Another biocontrol and detection strategy is using recombinant phage-encoded peptidoglycan hydrolases (endolysins) instead of infective virus. The potential of bacteriophage-derived endolysins in controlling foodborne pathogens has been subject of several reviews, e.g., ref. 71. However, systematic studies are lacking. Listeria phage endolysins bear potential as disinfection agent, similar to what has been done in control of Streptococcus equi⁷² and other Gram-positives.^73,74 The regulatory approval for protein based disinfectants may be less challenging than approval of a virus-based food additive.

Over the past decade, molecular details of Listeria phage endolysins have been elucidated.
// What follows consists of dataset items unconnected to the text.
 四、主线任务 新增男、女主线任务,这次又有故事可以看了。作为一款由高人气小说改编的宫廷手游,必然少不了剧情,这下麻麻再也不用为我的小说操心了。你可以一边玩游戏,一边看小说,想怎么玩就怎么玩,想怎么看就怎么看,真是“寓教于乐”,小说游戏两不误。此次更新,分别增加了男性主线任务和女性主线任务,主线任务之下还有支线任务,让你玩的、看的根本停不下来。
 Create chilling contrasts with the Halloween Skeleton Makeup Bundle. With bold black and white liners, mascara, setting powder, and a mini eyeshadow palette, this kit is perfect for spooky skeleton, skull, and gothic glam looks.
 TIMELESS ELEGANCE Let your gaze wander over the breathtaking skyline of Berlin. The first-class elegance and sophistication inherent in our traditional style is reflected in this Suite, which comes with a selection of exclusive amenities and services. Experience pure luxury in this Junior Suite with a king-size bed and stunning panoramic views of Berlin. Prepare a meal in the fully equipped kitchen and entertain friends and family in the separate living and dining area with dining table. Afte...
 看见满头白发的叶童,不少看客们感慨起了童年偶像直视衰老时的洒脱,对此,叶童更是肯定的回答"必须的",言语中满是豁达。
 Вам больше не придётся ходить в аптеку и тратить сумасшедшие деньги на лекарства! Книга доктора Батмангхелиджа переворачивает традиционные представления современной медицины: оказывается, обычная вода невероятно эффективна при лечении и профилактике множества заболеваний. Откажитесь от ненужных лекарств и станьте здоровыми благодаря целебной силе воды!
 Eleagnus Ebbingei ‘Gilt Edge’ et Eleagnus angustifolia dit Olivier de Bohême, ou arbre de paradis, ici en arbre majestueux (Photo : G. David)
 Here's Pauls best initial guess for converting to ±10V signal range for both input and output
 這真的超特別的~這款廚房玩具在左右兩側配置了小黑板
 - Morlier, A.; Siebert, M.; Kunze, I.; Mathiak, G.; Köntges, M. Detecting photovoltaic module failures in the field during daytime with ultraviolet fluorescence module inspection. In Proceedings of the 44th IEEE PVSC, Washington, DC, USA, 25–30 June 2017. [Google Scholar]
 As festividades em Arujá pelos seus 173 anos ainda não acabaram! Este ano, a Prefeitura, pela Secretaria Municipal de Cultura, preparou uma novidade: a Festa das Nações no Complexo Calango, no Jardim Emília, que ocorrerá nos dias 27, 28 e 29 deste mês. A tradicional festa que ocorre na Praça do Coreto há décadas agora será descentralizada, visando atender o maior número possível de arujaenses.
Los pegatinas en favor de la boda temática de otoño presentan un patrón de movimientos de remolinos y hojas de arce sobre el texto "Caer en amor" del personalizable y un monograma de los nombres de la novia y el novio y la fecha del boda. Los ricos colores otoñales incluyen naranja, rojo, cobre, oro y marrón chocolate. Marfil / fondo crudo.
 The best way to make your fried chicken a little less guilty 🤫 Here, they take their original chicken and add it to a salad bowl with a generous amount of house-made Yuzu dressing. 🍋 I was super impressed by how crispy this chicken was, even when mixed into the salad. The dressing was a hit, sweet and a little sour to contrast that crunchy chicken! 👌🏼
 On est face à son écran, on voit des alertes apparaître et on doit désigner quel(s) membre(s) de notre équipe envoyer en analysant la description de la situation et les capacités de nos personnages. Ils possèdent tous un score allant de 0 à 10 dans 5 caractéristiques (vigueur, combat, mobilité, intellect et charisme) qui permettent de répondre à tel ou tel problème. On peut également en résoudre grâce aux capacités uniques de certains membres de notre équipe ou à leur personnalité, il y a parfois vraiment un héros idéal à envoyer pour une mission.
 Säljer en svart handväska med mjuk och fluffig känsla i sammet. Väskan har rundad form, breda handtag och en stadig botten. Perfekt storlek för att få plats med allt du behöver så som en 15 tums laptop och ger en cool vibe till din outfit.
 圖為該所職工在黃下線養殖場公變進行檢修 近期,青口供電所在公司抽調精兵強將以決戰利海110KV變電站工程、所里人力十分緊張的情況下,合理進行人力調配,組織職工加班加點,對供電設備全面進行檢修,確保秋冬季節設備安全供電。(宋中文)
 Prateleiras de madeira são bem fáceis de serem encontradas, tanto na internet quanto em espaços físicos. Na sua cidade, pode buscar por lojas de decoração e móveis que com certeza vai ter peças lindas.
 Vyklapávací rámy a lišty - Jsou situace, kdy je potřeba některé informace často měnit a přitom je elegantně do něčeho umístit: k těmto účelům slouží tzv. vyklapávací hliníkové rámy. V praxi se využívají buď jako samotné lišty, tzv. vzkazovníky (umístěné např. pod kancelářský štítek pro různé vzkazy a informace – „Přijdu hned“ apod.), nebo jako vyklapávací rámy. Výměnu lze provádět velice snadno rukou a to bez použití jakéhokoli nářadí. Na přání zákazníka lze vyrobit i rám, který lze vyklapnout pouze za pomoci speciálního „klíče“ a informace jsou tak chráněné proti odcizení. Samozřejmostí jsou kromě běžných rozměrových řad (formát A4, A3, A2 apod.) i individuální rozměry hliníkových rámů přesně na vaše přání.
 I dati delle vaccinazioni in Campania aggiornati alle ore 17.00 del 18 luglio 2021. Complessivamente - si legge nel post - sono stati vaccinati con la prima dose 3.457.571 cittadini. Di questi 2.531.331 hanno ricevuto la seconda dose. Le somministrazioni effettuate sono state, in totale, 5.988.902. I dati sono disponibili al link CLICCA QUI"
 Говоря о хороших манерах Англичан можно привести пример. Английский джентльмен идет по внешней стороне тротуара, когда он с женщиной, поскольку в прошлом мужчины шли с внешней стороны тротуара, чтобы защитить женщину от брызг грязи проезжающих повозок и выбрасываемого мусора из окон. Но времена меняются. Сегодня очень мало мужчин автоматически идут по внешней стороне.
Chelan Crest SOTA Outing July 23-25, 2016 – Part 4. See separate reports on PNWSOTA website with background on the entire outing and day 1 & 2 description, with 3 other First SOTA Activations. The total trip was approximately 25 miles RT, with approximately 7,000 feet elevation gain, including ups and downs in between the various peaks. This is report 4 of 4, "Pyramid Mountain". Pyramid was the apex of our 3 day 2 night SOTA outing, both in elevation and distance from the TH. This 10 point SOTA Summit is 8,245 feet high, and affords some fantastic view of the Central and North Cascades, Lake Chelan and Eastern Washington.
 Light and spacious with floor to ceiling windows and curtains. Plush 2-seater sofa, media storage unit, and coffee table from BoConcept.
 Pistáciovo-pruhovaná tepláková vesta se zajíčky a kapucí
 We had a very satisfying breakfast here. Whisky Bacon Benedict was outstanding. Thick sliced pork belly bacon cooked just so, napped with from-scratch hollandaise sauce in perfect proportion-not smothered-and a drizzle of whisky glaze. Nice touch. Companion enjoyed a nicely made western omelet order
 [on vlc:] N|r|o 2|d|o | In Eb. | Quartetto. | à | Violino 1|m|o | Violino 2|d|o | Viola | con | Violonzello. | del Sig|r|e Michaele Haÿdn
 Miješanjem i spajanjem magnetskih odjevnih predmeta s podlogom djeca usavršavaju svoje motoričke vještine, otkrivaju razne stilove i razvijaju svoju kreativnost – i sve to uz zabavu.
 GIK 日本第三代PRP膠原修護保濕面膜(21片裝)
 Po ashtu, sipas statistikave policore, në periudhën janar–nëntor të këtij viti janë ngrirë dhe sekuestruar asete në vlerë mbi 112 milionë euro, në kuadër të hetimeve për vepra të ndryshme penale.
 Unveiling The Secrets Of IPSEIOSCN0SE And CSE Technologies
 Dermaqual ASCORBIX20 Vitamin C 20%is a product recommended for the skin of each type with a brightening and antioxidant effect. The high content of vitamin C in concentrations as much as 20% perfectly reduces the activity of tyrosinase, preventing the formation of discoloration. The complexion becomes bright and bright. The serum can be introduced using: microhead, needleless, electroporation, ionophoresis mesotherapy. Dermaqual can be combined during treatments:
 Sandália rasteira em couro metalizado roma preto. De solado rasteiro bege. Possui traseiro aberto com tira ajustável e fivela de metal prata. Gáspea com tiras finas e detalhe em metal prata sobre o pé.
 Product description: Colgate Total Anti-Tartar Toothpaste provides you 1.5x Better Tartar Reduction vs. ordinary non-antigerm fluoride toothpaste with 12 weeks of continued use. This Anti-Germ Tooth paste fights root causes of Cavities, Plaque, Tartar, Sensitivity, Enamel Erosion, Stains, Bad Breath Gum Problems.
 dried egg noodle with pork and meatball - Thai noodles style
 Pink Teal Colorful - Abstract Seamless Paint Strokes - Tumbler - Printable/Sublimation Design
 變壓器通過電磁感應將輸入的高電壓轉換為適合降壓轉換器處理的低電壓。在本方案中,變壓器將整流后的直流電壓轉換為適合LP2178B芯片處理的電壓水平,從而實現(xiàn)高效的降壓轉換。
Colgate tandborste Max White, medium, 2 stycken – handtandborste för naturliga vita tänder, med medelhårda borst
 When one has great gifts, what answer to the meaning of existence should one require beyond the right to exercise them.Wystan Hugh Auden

The crystal structure of two of them is known,^75,76 and their generally modular composition and binding ligands on target cells are intensively studied.^77-81 Cell wall binding domains of the endolysins have been used to decorate Listeria with fluorescent labels, in order to discriminate them in mixed bacterial culture.⁷⁸ These CBD binding domains have also been used for immobilization of Listeria cells, following coating on paramagnetic beads and specific capture of Listeria cells from milk and other matrices, followed by plating or real-time PCR quantification.^82,83

In conclusion, bacteriophages do not only play an important role in Listeria genome plasticity and evolution, but offer a large and versatile toolbox for development of novel detection and biocontrol methods for Listeria, based on infective viruses, genetically modified phage, and native or recombinant phage-encoded enzymes.

Citation: Klumpp J, Loessner MJ. Listeria phages: Genomes, evolution, and application. Bacteriophage 2013; 3:e26861; 10.4161/bact.26861

Disclosure of Potential Conflicts of Interest

No potential conflicts of interest were disclosed.